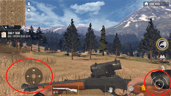 1、屏幕中心范围控制准星,右下角发射子弹,左下角开镜,开镜后镜头边缘滑动可以增加放大倍数,还可以在右下开启红外线;屏幕左右侧都有移动按钮,可以让猎人左右移动来寻找合适视角,但移动范围很有限。
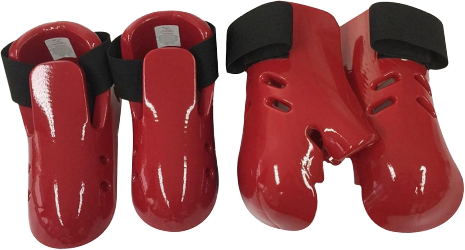 Description: Karate Gloves & Taekwondo Foot Protector Shock-Absorbing Sponge Lining Punching Gloves with Elastic Strap for Kickboxing, Martial Arts offer the ultimate combination of safety and performance, featuring ergonomically designed sparring gloves and foot protectors ideal for karate, taekwondo, kickboxing, and other martial arts practices; crafted with quality shock-absorbing sponge lining to minimize injury by cushioning every strike, these gloves provide both comfort and protection during intense sparring sessions, while the elastic adjustable strap ensures a secure, customizable fit that maintains stability and freedom of movement; constructed from synthetic materials, the gear withstands rigorous training conditions without losing shape or resilience; these boxing and punching gloves enhance grip and dexterity for precise attacks and blocks, and the taekwondo foot protectors balance protection with agilitys to support a full range of martial arts techniques; perfect for athletes seeking reliable sparring gear that combines safety, versatility, and long-lasting performance. Features:. Karate Gloves Set. -Color: Red. -Material: Sponge. Note:Manual measurement, please allow slight errors on size.The colors may exist slight difference due to different screens. Package Including 1 Set Karate Gloves
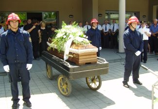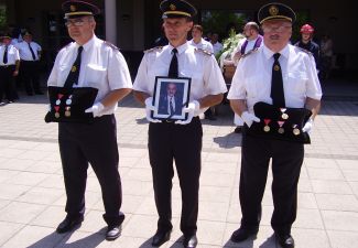 Pola sata prije pogreba, počasnu stražu pokojniku odali su članovi matičnog društva DVD-a Sisak, VZG Siska i dužnosnici VZ Sisačko-moslavačke županije.

------------

● **What is being asked**: Your answer must be an exact copy of the listing, with every picture omitted.

● **Final answer**:
 1、屏幕中心范围控制准星,右下角发射子弹,左下角开镜,开镜后镜头边缘滑动可以增加放大倍数,还可以在右下开启红外线;屏幕左右侧都有移动按钮,可以让猎人左右移动来寻找合适视角,但移动范围很有限。
 Description: Karate Gloves & Taekwondo Foot Protector Shock-Absorbing Sponge Lining Punching Gloves with Elastic Strap for Kickboxing, Martial Arts offer the ultimate combination of safety and performance, featuring ergonomically designed sparring gloves and foot protectors ideal for karate, taekwondo, kickboxing, and other martial arts practices; crafted with quality shock-absorbing sponge lining to minimize injury by cushioning every strike, these gloves provide both comfort and protection during intense sparring sessions, while the elastic adjustable strap ensures a secure, customizable fit that maintains stability and freedom of movement; constructed from synthetic materials, the gear withstands rigorous training conditions without losing shape or resilience; these boxing and punching gloves enhance grip and dexterity for precise attacks and blocks, and the taekwondo foot protectors balance protection with agilitys to support a full range of martial arts techniques; perfect for athletes seeking reliable sparring gear that combines safety, versatility, and long-lasting performance. Features:. Karate Gloves Set. -Color: Red. -Material: Sponge. Note:Manual measurement, please allow slight errors on size.The colors may exist slight difference due to different screens. Package Including 1 Set Karate Gloves
 Pola sata prije pogreba, počasnu stražu pokojniku odali su članovi matičnog društva DVD-a Sisak, VZG Siska i dužnosnici VZ Sisačko-moslavačke županije.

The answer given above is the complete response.